ACTIVITY. Pictures stay out; everything else in the records below is copied exactly.

DATA UNDER STUDY.
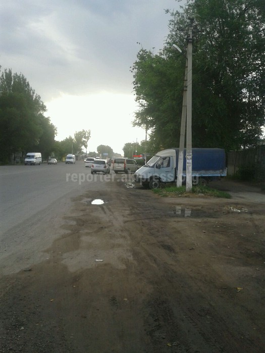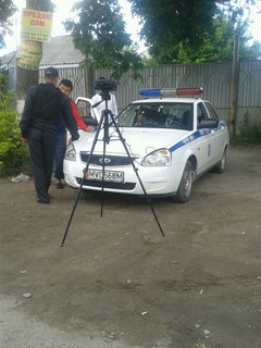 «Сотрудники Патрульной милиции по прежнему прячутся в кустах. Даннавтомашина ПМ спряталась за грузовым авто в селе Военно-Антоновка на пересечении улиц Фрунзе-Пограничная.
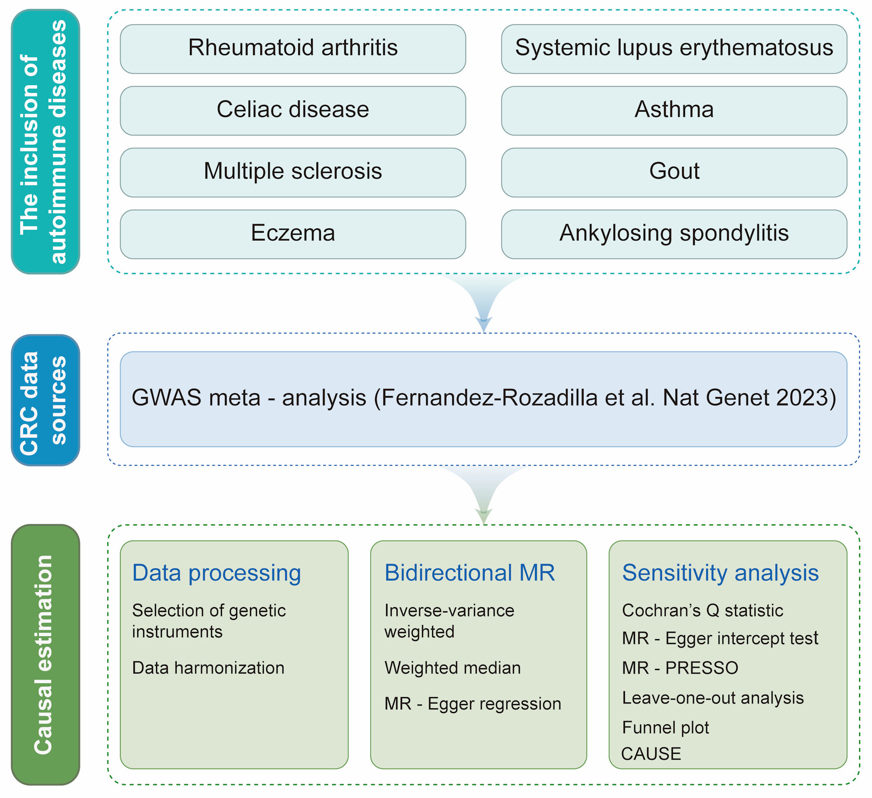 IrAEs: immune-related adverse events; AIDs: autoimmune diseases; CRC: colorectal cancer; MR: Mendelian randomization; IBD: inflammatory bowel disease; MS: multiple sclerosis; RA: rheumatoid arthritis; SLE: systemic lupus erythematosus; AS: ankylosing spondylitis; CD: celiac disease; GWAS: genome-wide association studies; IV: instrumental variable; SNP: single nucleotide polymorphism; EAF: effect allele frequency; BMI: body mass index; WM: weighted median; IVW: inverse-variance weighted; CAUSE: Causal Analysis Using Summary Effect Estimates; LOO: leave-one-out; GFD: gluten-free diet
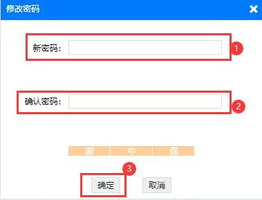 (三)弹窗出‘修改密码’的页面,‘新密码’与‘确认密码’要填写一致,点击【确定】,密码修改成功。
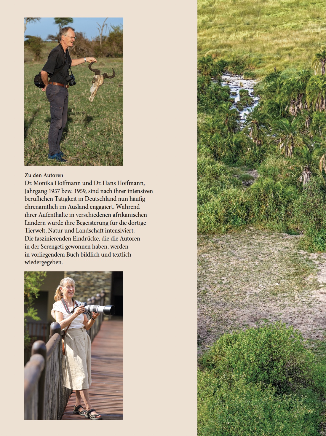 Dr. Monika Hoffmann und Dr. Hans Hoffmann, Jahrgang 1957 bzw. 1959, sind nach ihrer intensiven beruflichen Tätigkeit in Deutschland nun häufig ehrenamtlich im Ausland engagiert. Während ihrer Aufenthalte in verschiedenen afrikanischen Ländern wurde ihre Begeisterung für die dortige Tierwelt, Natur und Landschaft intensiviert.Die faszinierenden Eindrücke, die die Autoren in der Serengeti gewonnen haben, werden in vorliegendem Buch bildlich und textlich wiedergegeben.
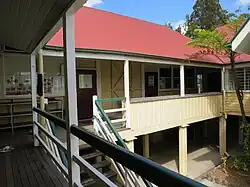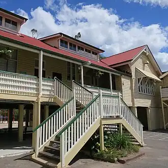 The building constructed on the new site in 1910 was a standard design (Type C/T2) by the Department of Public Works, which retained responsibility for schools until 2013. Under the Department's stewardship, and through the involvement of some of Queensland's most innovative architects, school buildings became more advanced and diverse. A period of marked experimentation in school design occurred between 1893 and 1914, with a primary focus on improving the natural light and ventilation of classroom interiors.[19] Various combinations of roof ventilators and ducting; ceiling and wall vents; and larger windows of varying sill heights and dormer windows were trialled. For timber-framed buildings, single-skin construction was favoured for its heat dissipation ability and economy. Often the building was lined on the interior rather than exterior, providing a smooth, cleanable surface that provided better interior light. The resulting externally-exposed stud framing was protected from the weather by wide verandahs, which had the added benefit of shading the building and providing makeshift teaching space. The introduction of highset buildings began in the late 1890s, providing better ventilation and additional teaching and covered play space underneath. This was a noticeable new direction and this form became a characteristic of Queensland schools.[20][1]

ANSWER FOR THIS EXERCISE.
 «Сотрудники Патрульной милиции по прежнему прячутся в кустах. Даннавтомашина ПМ спряталась за грузовым авто в селе Военно-Антоновка на пересечении улиц Фрунзе-Пограничная.
 IrAEs: immune-related adverse events; AIDs: autoimmune diseases; CRC: colorectal cancer; MR: Mendelian randomization; IBD: inflammatory bowel disease; MS: multiple sclerosis; RA: rheumatoid arthritis; SLE: systemic lupus erythematosus; AS: ankylosing spondylitis; CD: celiac disease; GWAS: genome-wide association studies; IV: instrumental variable; SNP: single nucleotide polymorphism; EAF: effect allele frequency; BMI: body mass index; WM: weighted median; IVW: inverse-variance weighted; CAUSE: Causal Analysis Using Summary Effect Estimates; LOO: leave-one-out; GFD: gluten-free diet
 (三)弹窗出‘修改密码’的页面,‘新密码’与‘确认密码’要填写一致,点击【确定】,密码修改成功。
 Dr. Monika Hoffmann und Dr. Hans Hoffmann, Jahrgang 1957 bzw. 1959, sind nach ihrer intensiven beruflichen Tätigkeit in Deutschland nun häufig ehrenamtlich im Ausland engagiert. Während ihrer Aufenthalte in verschiedenen afrikanischen Ländern wurde ihre Begeisterung für die dortige Tierwelt, Natur und Landschaft intensiviert.Die faszinierenden Eindrücke, die die Autoren in der Serengeti gewonnen haben, werden in vorliegendem Buch bildlich und textlich wiedergegeben.
 The building constructed on the new site in 1910 was a standard design (Type C/T2) by the Department of Public Works, which retained responsibility for schools until 2013. Under the Department's stewardship, and through the involvement of some of Queensland's most innovative architects, school buildings became more advanced and diverse. A period of marked experimentation in school design occurred between 1893 and 1914, with a primary focus on improving the natural light and ventilation of classroom interiors.[19] Various combinations of roof ventilators and ducting; ceiling and wall vents; and larger windows of varying sill heights and dormer windows were trialled. For timber-framed buildings, single-skin construction was favoured for its heat dissipation ability and economy. Often the building was lined on the interior rather than exterior, providing a smooth, cleanable surface that provided better interior light. The resulting externally-exposed stud framing was protected from the weather by wide verandahs, which had the added benefit of shading the building and providing makeshift teaching space. The introduction of highset buildings began in the late 1890s, providing better ventilation and additional teaching and covered play space underneath. This was a noticeable new direction and this form became a characteristic of Queensland schools.[20][1]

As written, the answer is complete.